This is a Bad Design for so many reasons I don’t know where to start. First, the behavior of the spreadsheet importer should not depend on global registry settings - that is just inviting mysterious, data-dependent errors whenever other applications or users change those settings. All of those settings should be in the connect string and nowhere else. Second, there should be an option to say "I’m not sure what data is coming, but I want all of it - please coerce everything to something universal like an arbitrary-length string". Third, the interface should be stream-based, not file-based.

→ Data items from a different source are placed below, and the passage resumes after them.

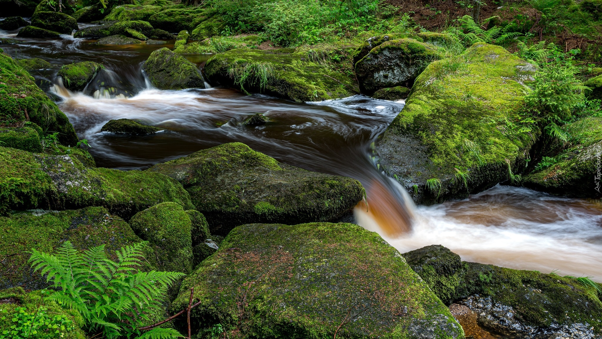 Edytor tapety: Omszałe kamienie na brzegu rzeki
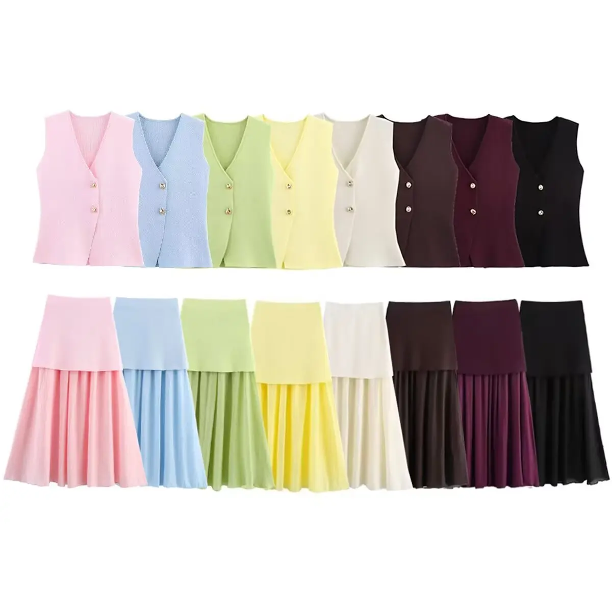 2025 Summer Button V-neck Vest Top Ankle-Length Skirt Lady Street Outfit 2 Pieces Women Knitted Sets Loose Skirt Set
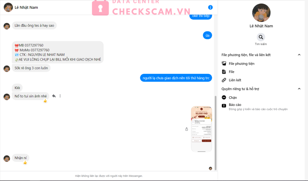 Alerte d'arnaqueur: Lê Nhật Nam Signalé: November 16, 2024 Informations sur l'arnaqueur Nom complet: Lê Nhật Nam Passerelle de paiement: MB Compte de paiement: 0377297760 Catégorie: Arnaques de marketplace Source: Checkscam Fichiers de preuves Description du rapport Lửa đảo mua bán tài khoản game mail ảo Commentaires Votre commentaire Ajouter un commentaire Pas encore de commentaires. Soyez le premier à partager votre expérience avec cet arnaqueur.
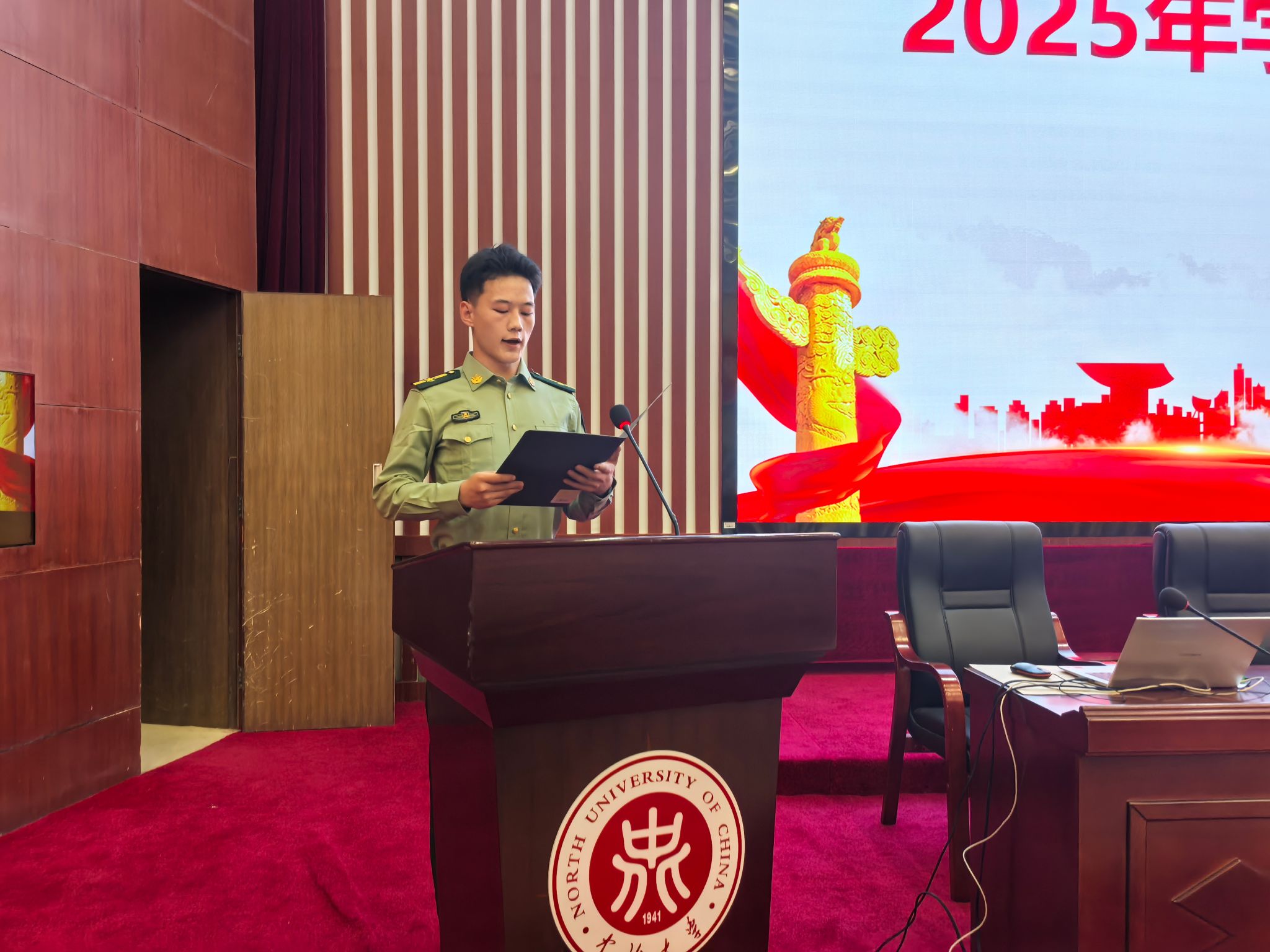 9月6日下午,中北大学2025年学生军训教官动员大会在图书馆五层会议室举行。校党委常委、副校长、军训团政委尹建平教授,学生工作部(人民武装部)部长顾宁、各学院党委副书记及全体军训教官参会,大会由学生工作部(人民武装部)副部长崔亚主持。
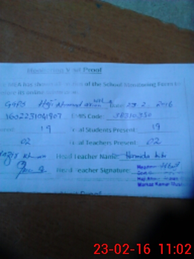 | EMIS Code: 38310350 | Name of School: GGPS HAJI AHMED ARAIN WALA | |||
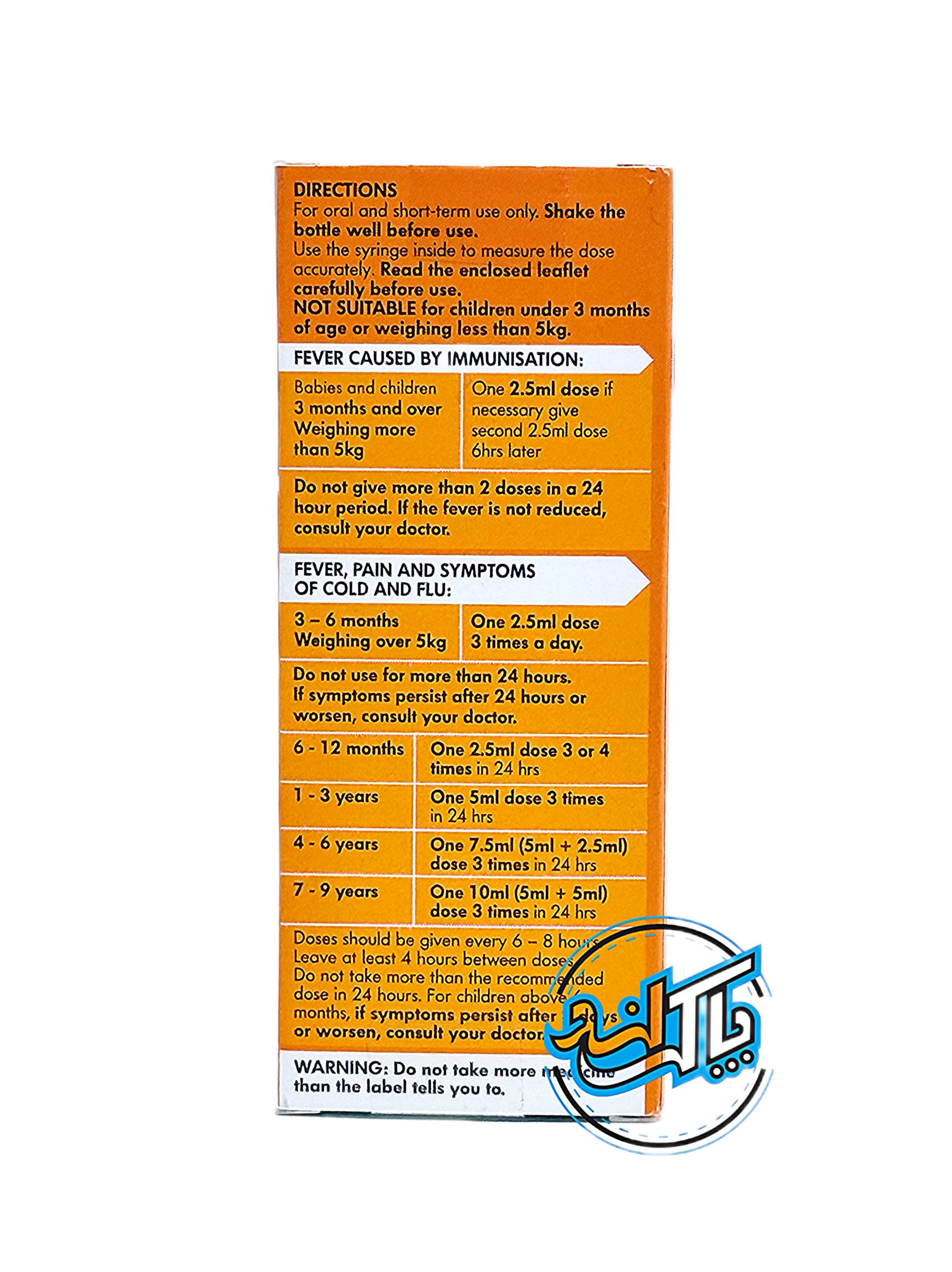 - یک مسکن طراحی شده برای نوزادان و کودکان ۳ ماه و بالاتر و با وزن بیش از ۵ کیلوگرم.

If you are reading the spreadsheet data from the network, you shouldn’t have to save it to a temporary file in order to parse it. Fourth, you shouldn’t have to read the spreadsheet schema if you just want to select the worksheet by index (e.g. you want to read the first worksheet, whatever it happens to be called).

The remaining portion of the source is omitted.